Apache Kafka is an Open-source asynchronous publish-subscribe messaging system that can help you build any of the offline task handling system, streaming service or any other data pipeline service.
My first interaction with such a system was back in Google Summer of Code – 2017 when I used celery for handling the long-running asynchronous tasks.
In this article, you’ll learn about the following things
1. Basic Introduction to Kafka
2. Basic terms and their definitions used in Kafka
3. Architecture of Kafka
4. Zookeeper
5. How to create a producer and consumer using JavaScript that can interact with Kafka broker.
History of Kafka
Kafka was originally built at LinkedIn and was later open-sourced and donated to Apache Software Foundation. It is basically written in Scala. It is being used by all the top companies out there like Twitter, Airbnb and many more.

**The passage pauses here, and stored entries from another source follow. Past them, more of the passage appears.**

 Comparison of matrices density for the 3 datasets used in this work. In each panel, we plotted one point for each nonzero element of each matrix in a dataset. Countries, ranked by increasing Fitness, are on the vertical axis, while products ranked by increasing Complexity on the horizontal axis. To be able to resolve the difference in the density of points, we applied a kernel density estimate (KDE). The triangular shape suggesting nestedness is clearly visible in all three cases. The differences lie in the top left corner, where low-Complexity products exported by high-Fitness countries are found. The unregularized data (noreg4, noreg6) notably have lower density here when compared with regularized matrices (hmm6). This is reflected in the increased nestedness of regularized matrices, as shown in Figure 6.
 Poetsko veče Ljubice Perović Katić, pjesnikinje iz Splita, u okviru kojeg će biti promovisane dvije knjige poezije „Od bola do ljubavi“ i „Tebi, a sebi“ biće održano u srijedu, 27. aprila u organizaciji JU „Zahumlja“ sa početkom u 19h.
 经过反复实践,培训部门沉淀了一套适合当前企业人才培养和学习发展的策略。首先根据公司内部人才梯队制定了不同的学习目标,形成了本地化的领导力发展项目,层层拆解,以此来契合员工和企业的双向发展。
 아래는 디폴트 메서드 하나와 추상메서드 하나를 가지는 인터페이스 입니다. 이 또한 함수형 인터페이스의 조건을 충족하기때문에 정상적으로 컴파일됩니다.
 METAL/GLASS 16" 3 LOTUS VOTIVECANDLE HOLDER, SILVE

Other tools in the same domain at that time were giving high latency for the event data being passed and consumed by the services. The folks at LinkedIn wanted to build a tool that can replace the already existing non-scalable version of the data processing pipelines and create something that handles high scales.

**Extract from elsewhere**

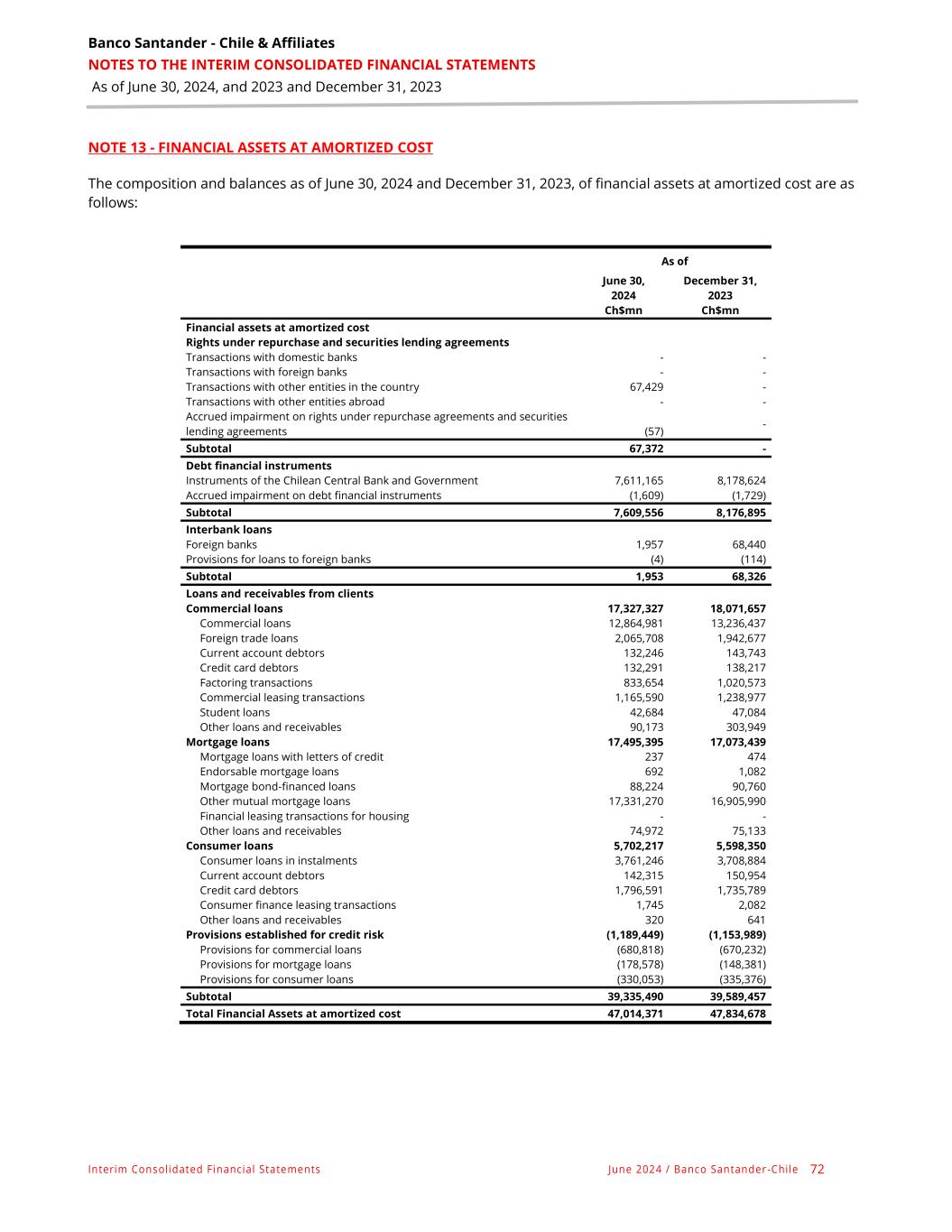 Banco Santander - Chile & Affiliates NOTES TO THE INTERIM CONSOLIDATED FINANCIAL STATEMENTS As of June 30, 2024, and 2023 and December 31, 2023 Interim Consolidated Financial Statements June 2024 / Banco Santander -Chile 72 NOTE 13 - FINANCIAL ASSETS AT AMORTIZED COST The composition and balances as of June 30, 2024 and December 31, 2023, of financial assets at amortized cost are as follows: As of June 30, 2024 December 31, 2023 Ch$mn Ch$mn Financial assets at amortized cost Rights under repurchase and securities lending agreements Transactions with domestic banks - - Transactions with foreign banks - - Transactions with other entities in the country 67,429 - Transactions with other entities abroad - - Accrued impairment on rights under repurchase agreements and securities lending agreements (57) - Subtotal 67,372 - Debt financial instruments Instruments of the Chilean Central Bank and Government 7,611,165 8,178,624 Accrued impairment on debt financial instruments (1,609) (1,729) Subtotal 7,609,556 8,176,895 Interbank loans Foreign banks 1,957 68,440 Provisions for loans to foreign banks (4) (114) Subtotal 1,953 68,326 Loans and receivables from clients Commercial loans 17,327,327 18,071,657 Commercial loans 12,864,981 13,236,437 Foreign trade loans 2,065,708 1,942,677 Current account debtors 132,246 143,743 Credit card debtors 132,291 138,217 Factoring transactions 833,654 1,020,573 Commercial leasing transactions 1,165,590 1,238,977 Student loans 42,684 47,084 Other loans and receivables 90,173 303,949 Mortgage loans 17,495,395 17,073,439 Mortgage loans with letters of credit 237 474 Endorsable mortgage loans 692 1,082 Mortgage bond-financed loans 88,224 90,760 Other mutual mortgage loans 17,331,270 16,905,990 Financial leasing transactions for housing - - Other loans and receivables 74,972 75,133 Consumer loans 5,702,217 5,598,350 Consumer loans in instalments 3,761,246 3,708,884 Current account debtors 142,315 150,954 Credit card debtors 1,796,591 1,735,789 Consumer finance leasing transactions 1,745 2,082 Other loans and receivables 320 641 Provisions established for credit risk (1,189,449) (1,153,989) Provisions for commercial loans (680,818) (670,232) Provisions for mortgage loans (178,578) (148,381) Provisions for consumer loans (330,053) (335,376) Subtotal 39,335,490 39,589,457 Total Financial Assets at amortized cost 47,014,371 47,834,678

source: https://redmonk.com/fryan/2016/05/23/kafka-summit-the-four-comma-club/
Introduction to Kafka
According to the official documentation of Kafka, it is a distributed streaming platform and is similar to an enterprise messaging system.
What is a simple messaging system?
A simple messaging system consists of 3 main parts.
- Producer
A producer/ publisher is the part of the system which produces the messages. A message can be anything. Mostly there is a limit to the size of the message that a producer can produce and with the broker.
For SQS the upper limit of the size if 256 KB.
- Broker
A Broker is an interface/ intermediate are the receivers of the messages. They store the messages for some time and pass it on to the consumers for further usage. In most of the brokers, there is a limit on till when you can store the message on a broker.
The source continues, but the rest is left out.